The needed output is the run of lines below from the one containing "Lägenheten rymmer två" through the one containing "关键在于开局的水灵天赋和第一", copied exactly and free of pictures.

* [RECORDS PROVIDED]:
##############################
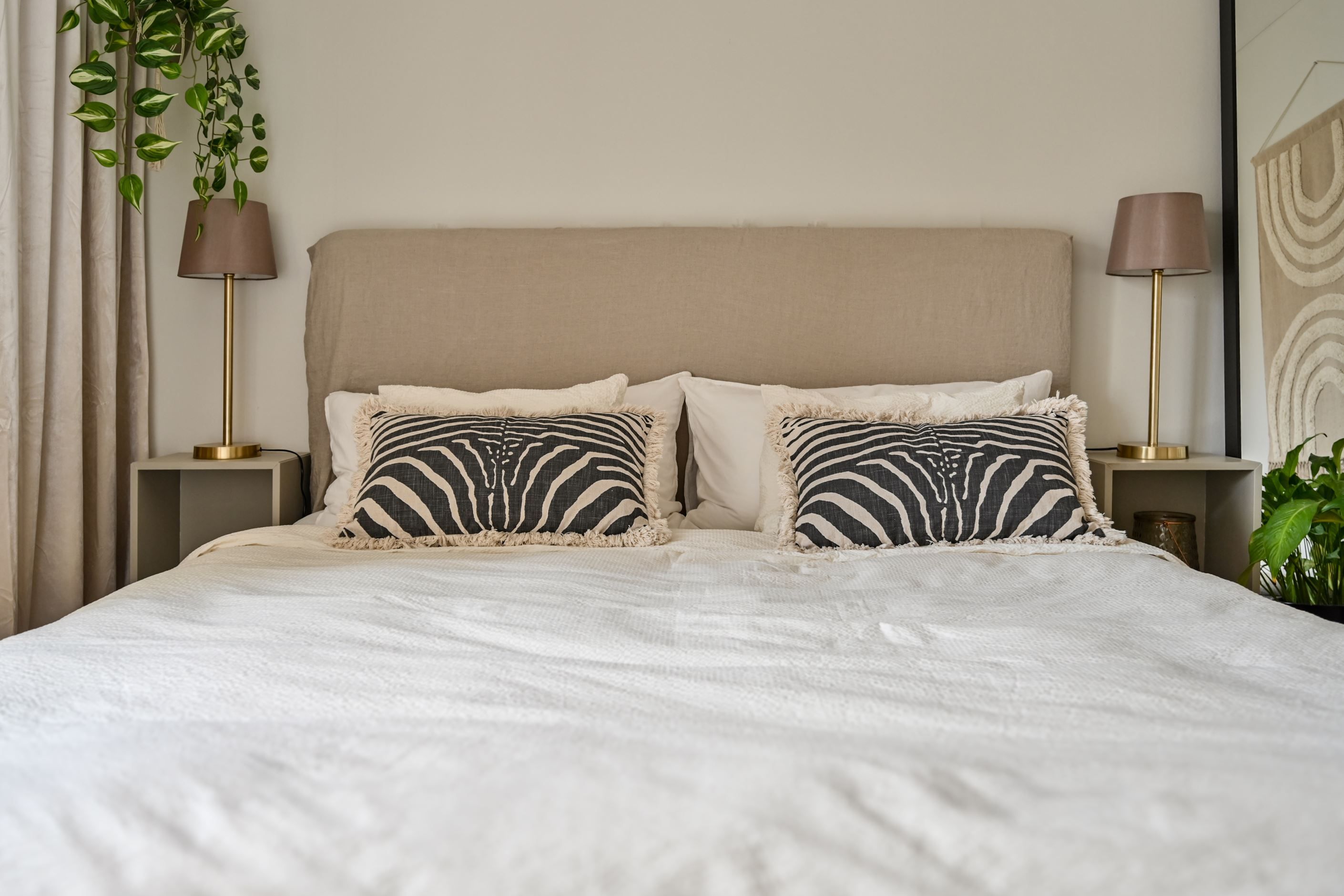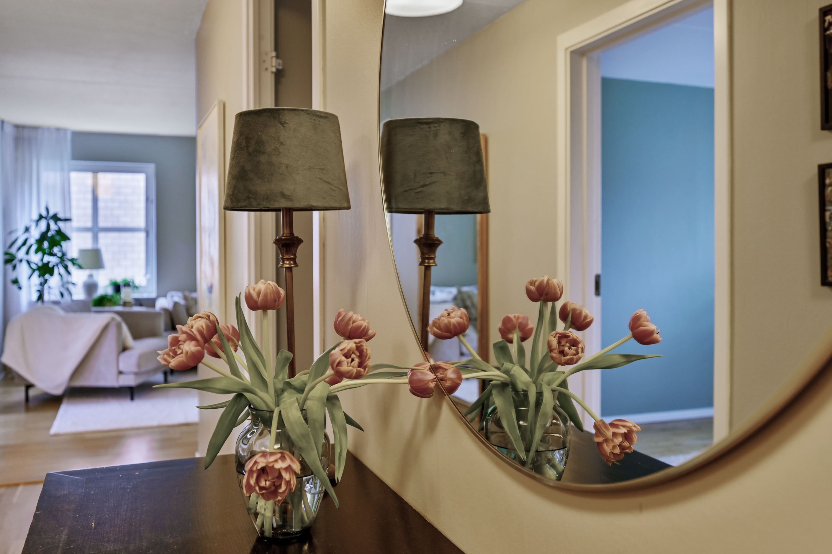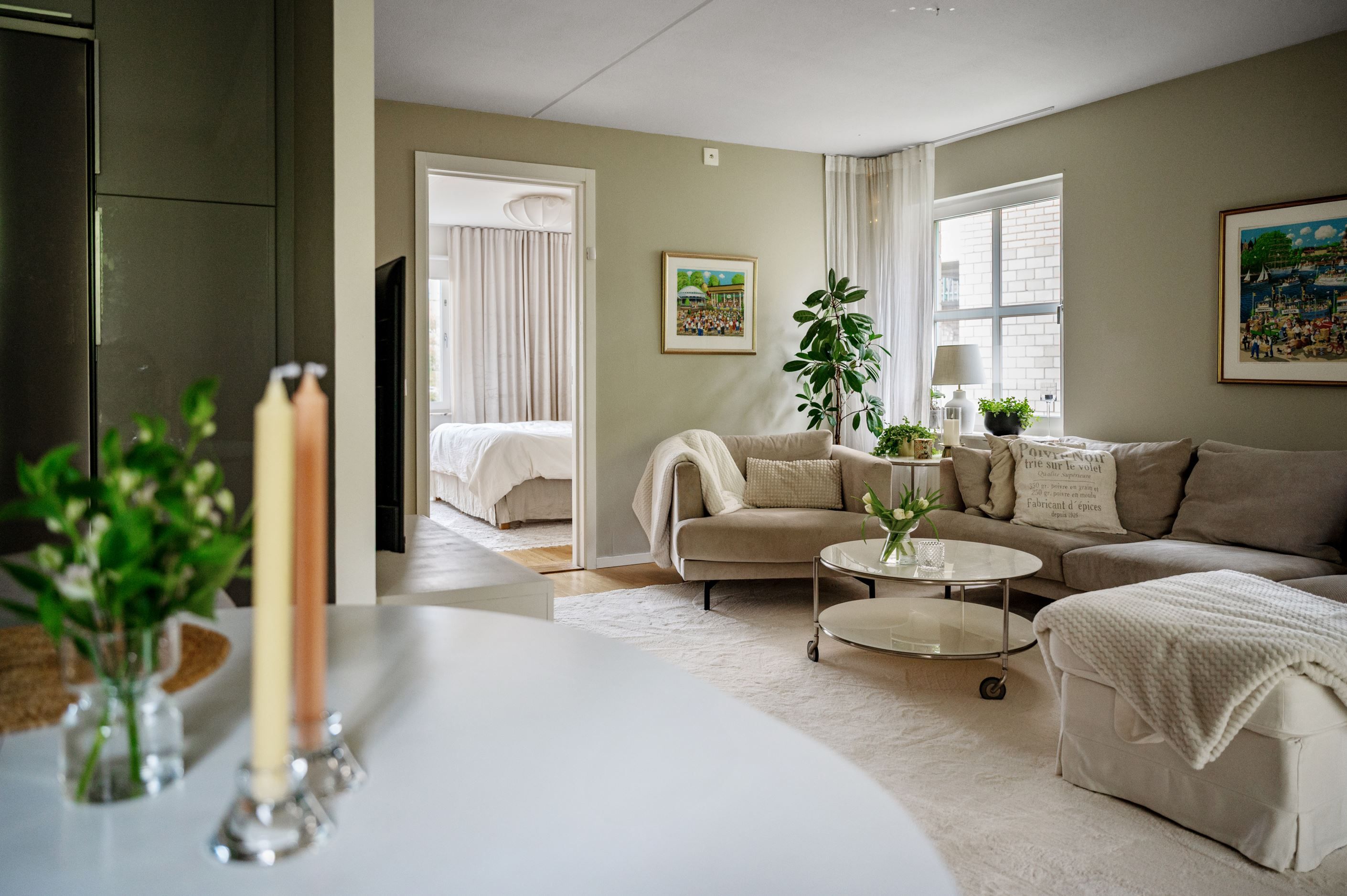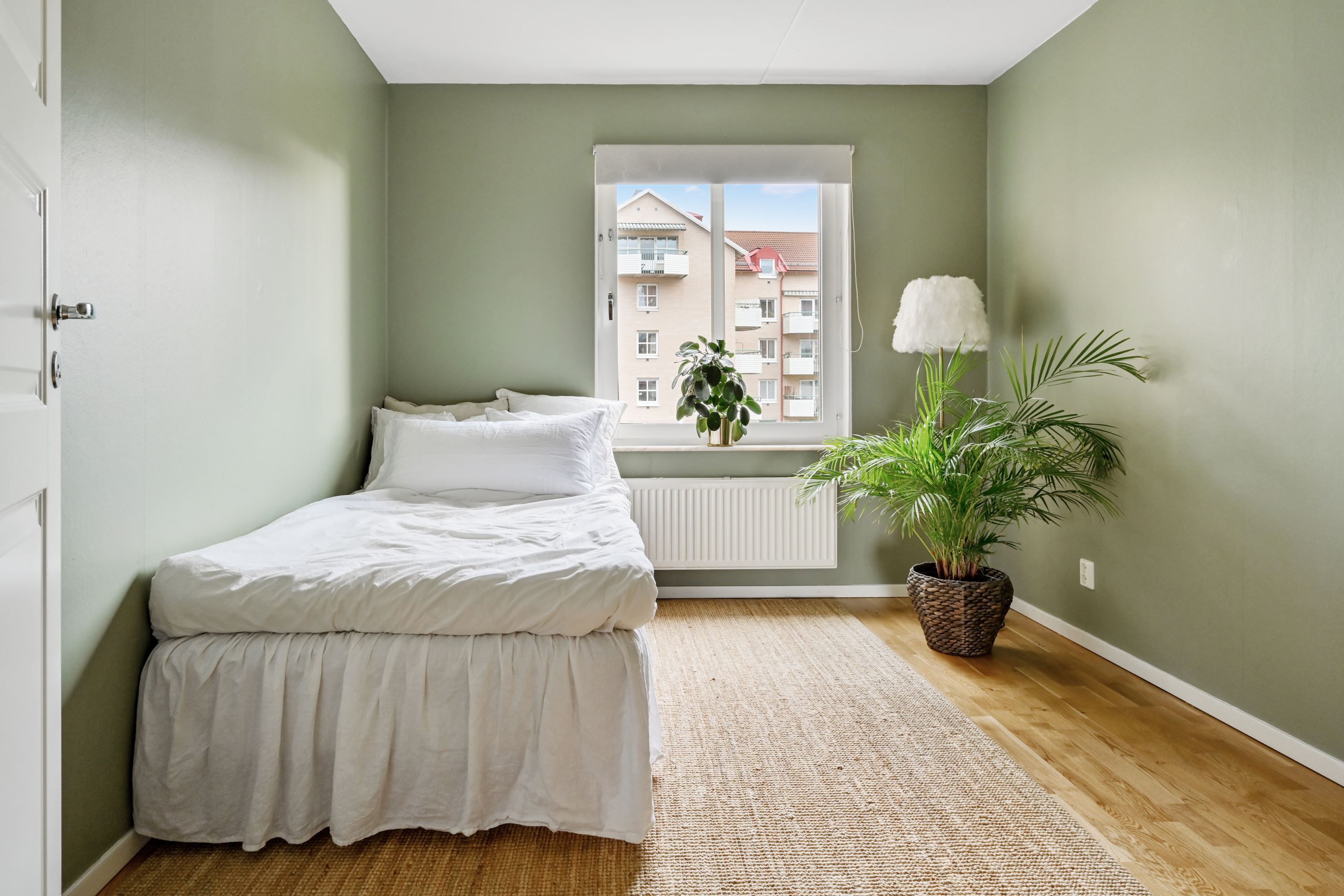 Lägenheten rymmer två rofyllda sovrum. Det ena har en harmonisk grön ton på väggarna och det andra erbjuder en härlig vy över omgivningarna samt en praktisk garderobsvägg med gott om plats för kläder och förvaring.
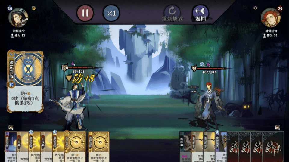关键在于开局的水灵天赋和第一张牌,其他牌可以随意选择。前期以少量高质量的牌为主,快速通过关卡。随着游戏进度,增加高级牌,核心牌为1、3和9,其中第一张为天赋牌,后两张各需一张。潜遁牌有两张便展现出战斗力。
##############################
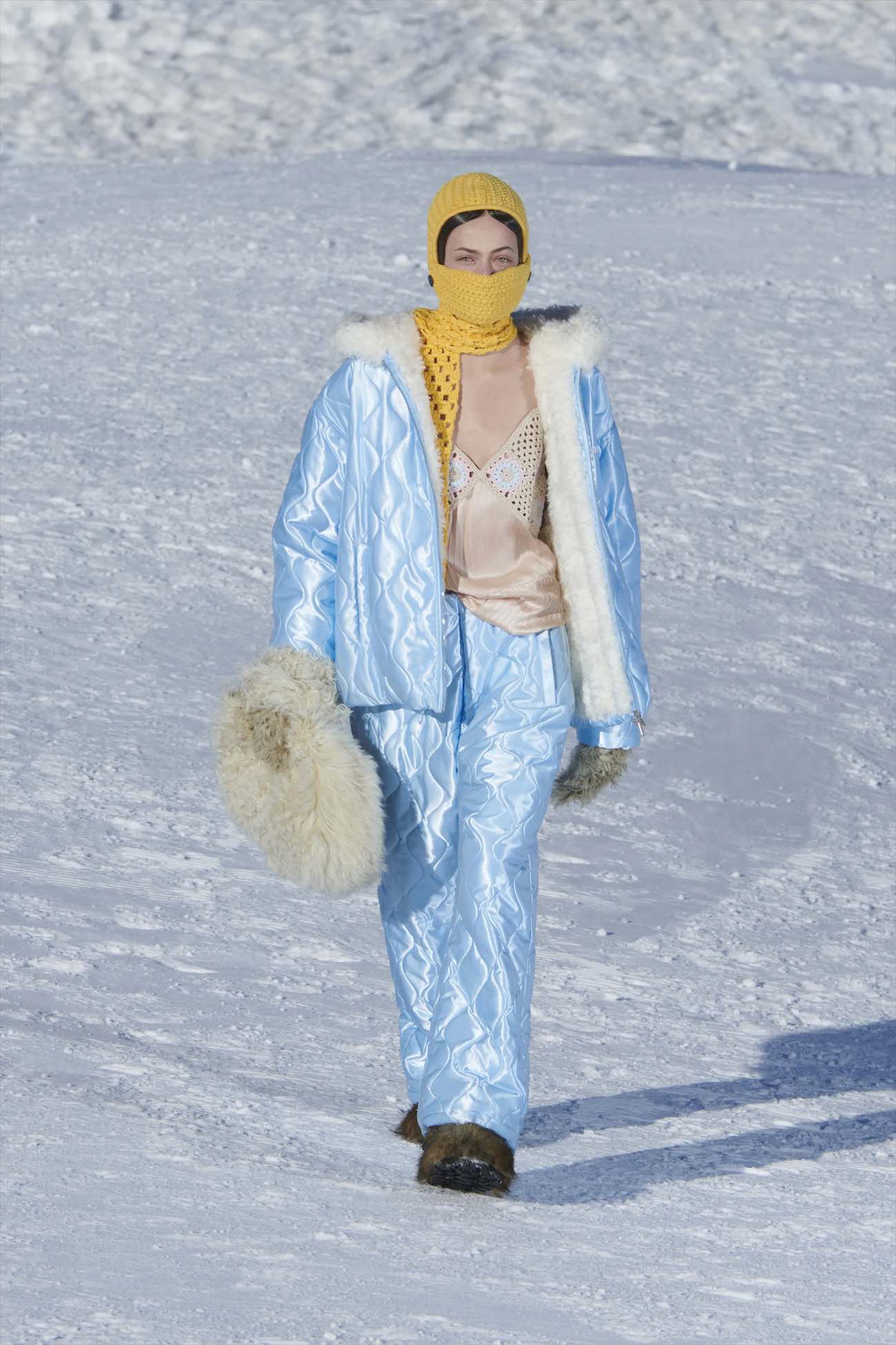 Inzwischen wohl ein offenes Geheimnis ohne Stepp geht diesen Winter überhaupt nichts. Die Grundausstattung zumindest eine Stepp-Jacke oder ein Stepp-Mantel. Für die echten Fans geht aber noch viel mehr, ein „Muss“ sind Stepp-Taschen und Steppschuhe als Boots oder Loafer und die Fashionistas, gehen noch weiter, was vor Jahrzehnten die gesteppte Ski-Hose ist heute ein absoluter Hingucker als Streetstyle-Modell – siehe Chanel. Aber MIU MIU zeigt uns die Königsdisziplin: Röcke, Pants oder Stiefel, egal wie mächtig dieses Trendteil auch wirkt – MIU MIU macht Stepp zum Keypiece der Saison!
##############################
* [EXERCISE RESPONSE]:
 Lägenheten rymmer två rofyllda sovrum. Det ena har en harmonisk grön ton på väggarna och det andra erbjuder en härlig vy över omgivningarna samt en praktisk garderobsvägg med gott om plats för kläder och förvaring.
关键在于开局的水灵天赋和第一张牌,其他牌可以随意选择。前期以少量高质量的牌为主,快速通过关卡。随着游戏进度,增加高级牌,核心牌为1、3和9,其中第一张为天赋牌,后两张各需一张。潜遁牌有两张便展现出战斗力。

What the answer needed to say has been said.